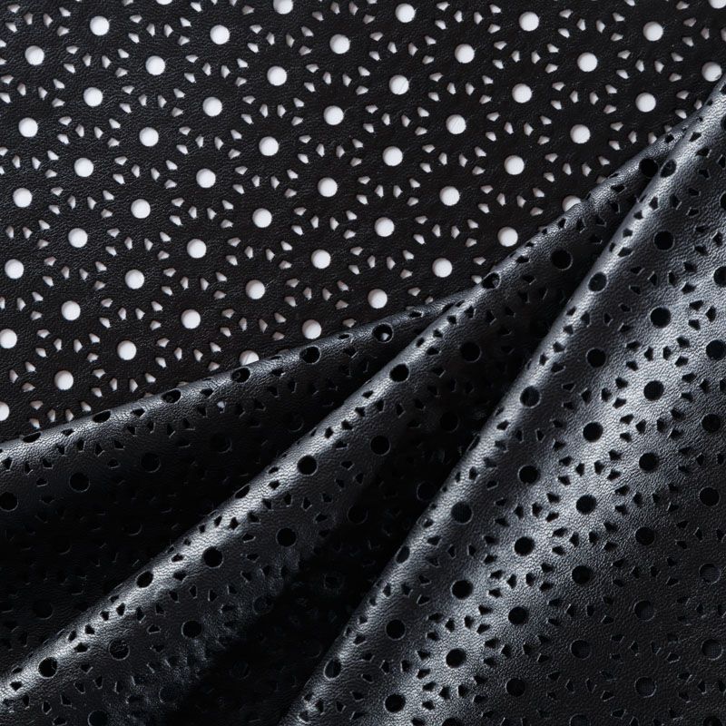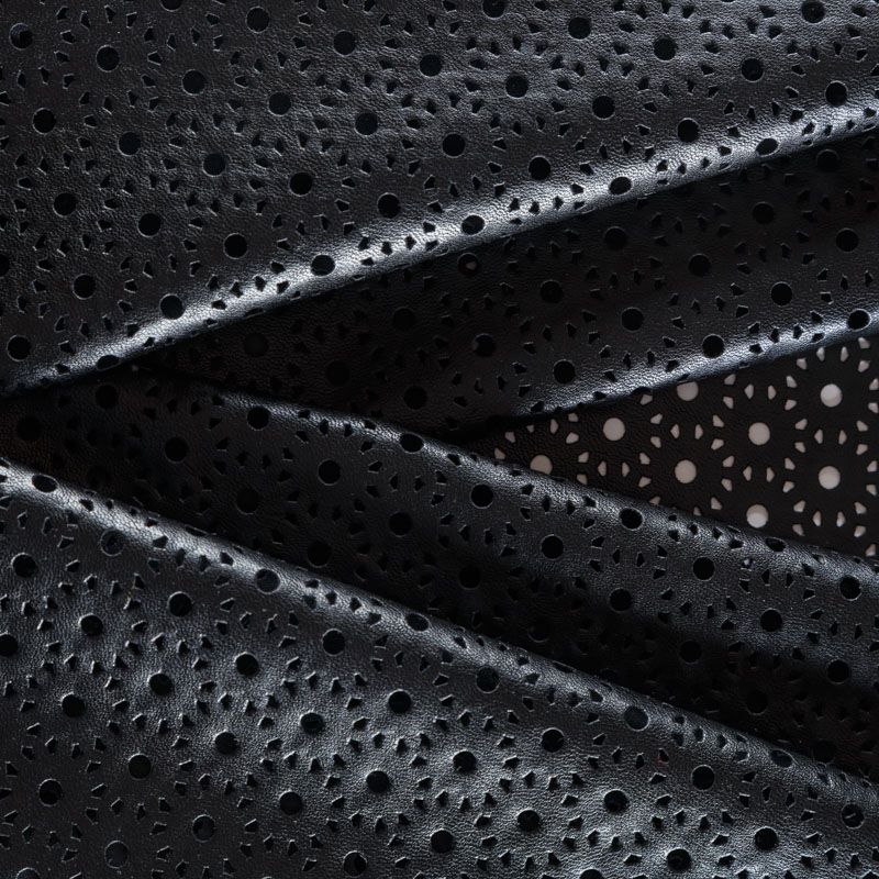 Искусственный материал, имитирующий натуральную кожу, на трикотажной основе. Поверхность матовая, с геометрической лазерной перфорацией. Экокожа тоньше натуральной, не мнется, пластична, тянется, хорошо облегает фигуру. Изнаночная сторона - черный трикотаж. Подойдет для пошива куртки, костюма, платья, юбки, брюк, шорт, комбинезона, сумки, рюкзака.
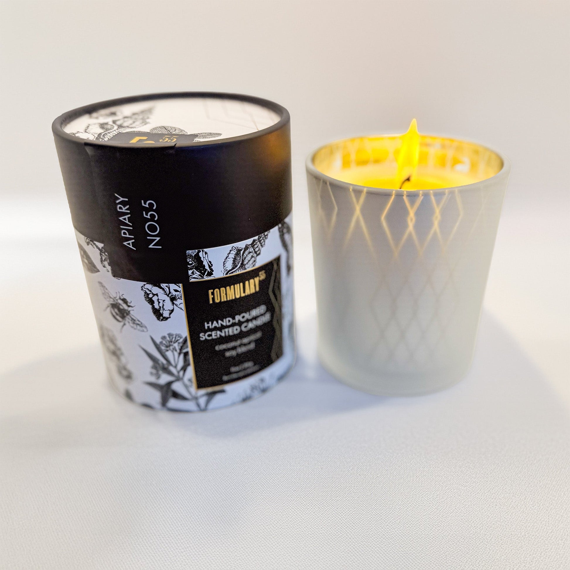 Extend your favorite fragrance into your home with our serenely elegant Glow Candle. Housed in white-frosted glass and hand-poured to perfection, this candle is designed to be a visual and olfactory centerpiece. Our signature exclusive diamond lines are etched in gold electroplate, allowing the flame to cast a beautiful, warming glow that shimmers through the vessel. Elegantly presented in a gorgeous tube-shaped gift box, this candle makes a thoughtful present for loved ones or a luxurious treat for your own sanctuary. Benefits of the Glow Candle Collection: Luminous Design: Gold electroplated etching creates a stunning "glow" effect that shimmers when lit. Gift-Ready Packaging: Comes in a sturdy, reusable tube-shaped gift box. Sustainable Luxury: Reuse the gift box for storage and the empty glass vessel with a tealight to continue enjoying the glow. Clean Burn: Features all-natural cotton wicks for a consistent flame. SCENT PROFILE: Sugared Plum & Fig is a blend of fresh tart fig and delicately sweet plums. SIZE/DESCRIPTION: This 11oz candle is crafted with our signature custom blend of coconut, apricot, and soy wax. This unique formulation ensures a creamy, smooth finish and an exceptional scent throw. The vessel is a heavy-bottomed, white-frosted glass featuring gold diamond etching, measuring 3.25" x 4", designed to elevate any room's decor. DETAILS: To ensure the best experience, trim the cotton wick to 1/4 inch before every burn. Burn Time: Up to 60 hours of illumination. Afterlife: Once the candle is finished, clean out the wax to reuse the beautiful gold-etched vessel as a holder for brushes, pens, or a tealight. INGREDIENTS & SPECS: We believe in clean luxury. This candle is poured in the USA using a coconut apricot soy wax blend, all-natural cotton wicks, and essential oils mixed with phthalate-free clean fragrance.
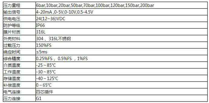 额定量程:6bar,10bar,20bar,50bar,70bar,100bar,120bar,150bar,200bar
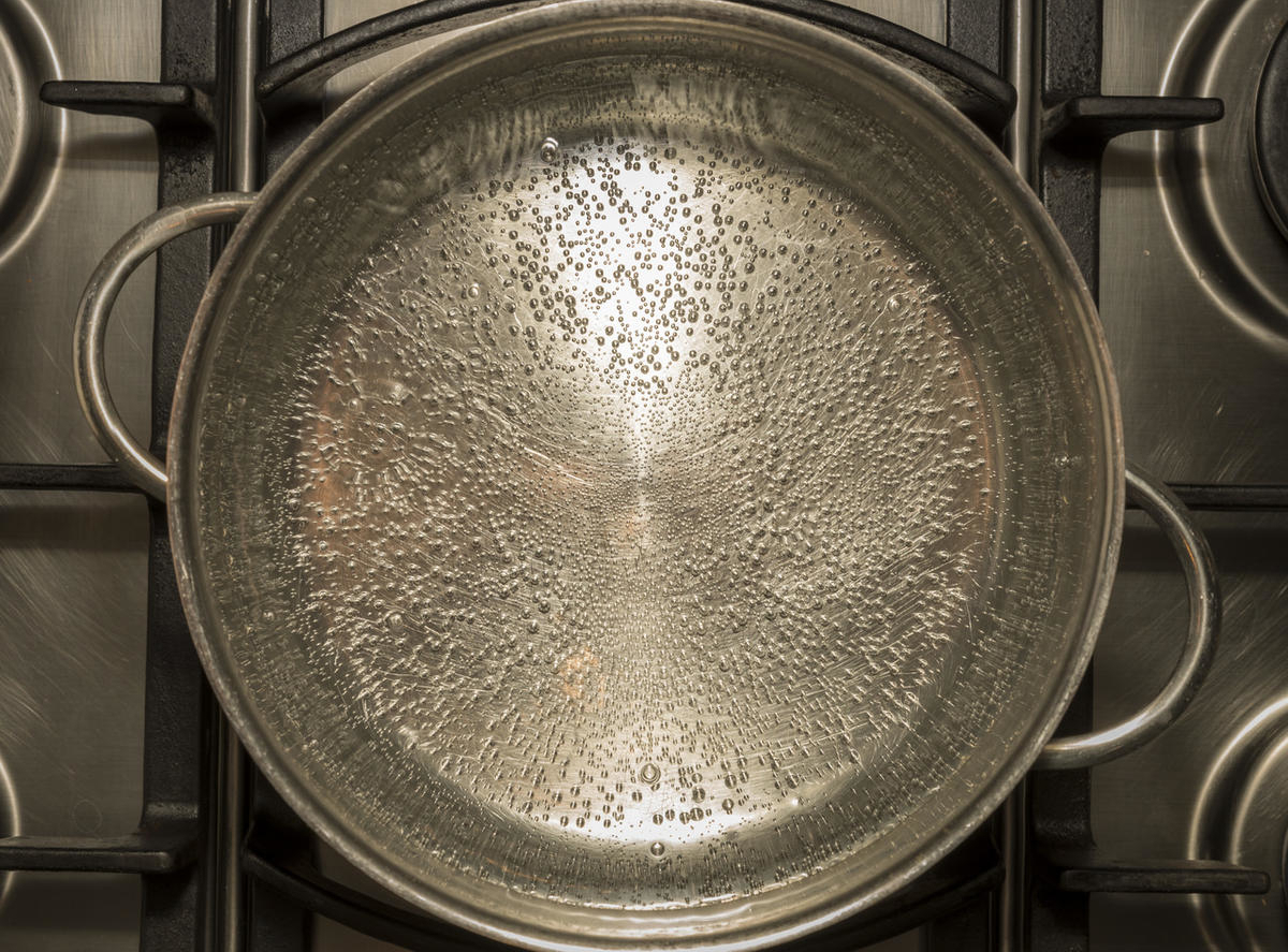 2. В кастрюлю наливают воду и устанавливают на плиту.
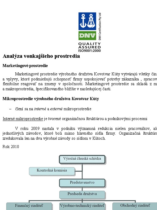 Podnikové procesy výrobného družstva Kovotvar Kúty
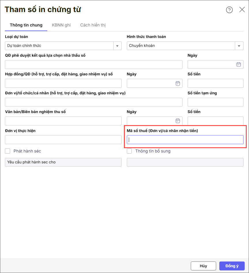 – Kể từ phiên bản R18: Bạn có thể nhập hoặc sửa trực tiếp thông tin Mã số thuế khi chọn tham số in các mẫu chứng từ C2-02a/NS và C4-02a/KB (NĐ347/2025/NĐ-CP).
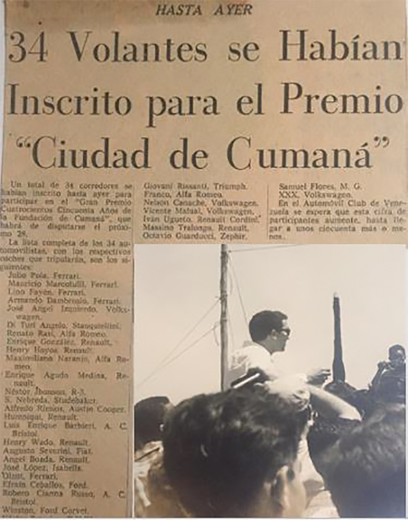 En la reseña periodística podemos observar algunos pilotos importantes de la época disputando la Copa “Gobernador del Estado Aragua” en sus respectivas categorías.
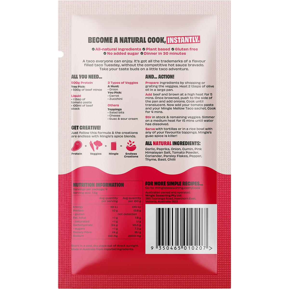 Mingle's Mellow Taco recipe base contains a unique blend of all natural ingredients, without any artificial preservatives or MSG. Enjoy a delicious and healthier twist on traditional tacos with Mingle, while adding a flavorful and nutritious touch to your meals.
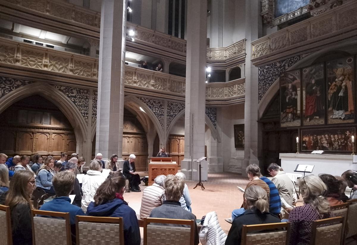 In der Marktkirche lud Kantorin Anna Scholl in den Altarraum ein, um mit Gästen - die auch aus Baden-Württemberg und Bayern kamen - christliche Abendlieder zu singen. Selbst ein Kanon war im Gotteshaus zu hören. Passend zum diesjährigen Motto der NDK hat die Marktkantorin das Lied „Eine Brücke lasst uns bauen" ausgesucht.
_ _ _ _
- _EXERCISE_
Whenever you reach a picture, pass over it; print all the other material exactly.

- _OUTPUT BELOW_
 Искусственный материал, имитирующий натуральную кожу, на трикотажной основе. Поверхность матовая, с геометрической лазерной перфорацией. Экокожа тоньше натуральной, не мнется, пластична, тянется, хорошо облегает фигуру. Изнаночная сторона - черный трикотаж. Подойдет для пошива куртки, костюма, платья, юбки, брюк, шорт, комбинезона, сумки, рюкзака.
 Extend your favorite fragrance into your home with our serenely elegant Glow Candle. Housed in white-frosted glass and hand-poured to perfection, this candle is designed to be a visual and olfactory centerpiece. Our signature exclusive diamond lines are etched in gold electroplate, allowing the flame to cast a beautiful, warming glow that shimmers through the vessel. Elegantly presented in a gorgeous tube-shaped gift box, this candle makes a thoughtful present for loved ones or a luxurious treat for your own sanctuary. Benefits of the Glow Candle Collection: Luminous Design: Gold electroplated etching creates a stunning "glow" effect that shimmers when lit. Gift-Ready Packaging: Comes in a sturdy, reusable tube-shaped gift box. Sustainable Luxury: Reuse the gift box for storage and the empty glass vessel with a tealight to continue enjoying the glow. Clean Burn: Features all-natural cotton wicks for a consistent flame. SCENT PROFILE: Sugared Plum & Fig is a blend of fresh tart fig and delicately sweet plums. SIZE/DESCRIPTION: This 11oz candle is crafted with our signature custom blend of coconut, apricot, and soy wax. This unique formulation ensures a creamy, smooth finish and an exceptional scent throw. The vessel is a heavy-bottomed, white-frosted glass featuring gold diamond etching, measuring 3.25" x 4", designed to elevate any room's decor. DETAILS: To ensure the best experience, trim the cotton wick to 1/4 inch before every burn. Burn Time: Up to 60 hours of illumination. Afterlife: Once the candle is finished, clean out the wax to reuse the beautiful gold-etched vessel as a holder for brushes, pens, or a tealight. INGREDIENTS & SPECS: We believe in clean luxury. This candle is poured in the USA using a coconut apricot soy wax blend, all-natural cotton wicks, and essential oils mixed with phthalate-free clean fragrance.
 额定量程:6bar,10bar,20bar,50bar,70bar,100bar,120bar,150bar,200bar
 2. В кастрюлю наливают воду и устанавливают на плиту.
 Podnikové procesy výrobného družstva Kovotvar Kúty
 – Kể từ phiên bản R18: Bạn có thể nhập hoặc sửa trực tiếp thông tin Mã số thuế khi chọn tham số in các mẫu chứng từ C2-02a/NS và C4-02a/KB (NĐ347/2025/NĐ-CP).
 En la reseña periodística podemos observar algunos pilotos importantes de la época disputando la Copa “Gobernador del Estado Aragua” en sus respectivas categorías.
 Mingle's Mellow Taco recipe base contains a unique blend of all natural ingredients, without any artificial preservatives or MSG. Enjoy a delicious and healthier twist on traditional tacos with Mingle, while adding a flavorful and nutritious touch to your meals.
 In der Marktkirche lud Kantorin Anna Scholl in den Altarraum ein, um mit Gästen - die auch aus Baden-Württemberg und Bayern kamen - christliche Abendlieder zu singen. Selbst ein Kanon war im Gotteshaus zu hören. Passend zum diesjährigen Motto der NDK hat die Marktkantorin das Lied „Eine Brücke lasst uns bauen" ausgesucht.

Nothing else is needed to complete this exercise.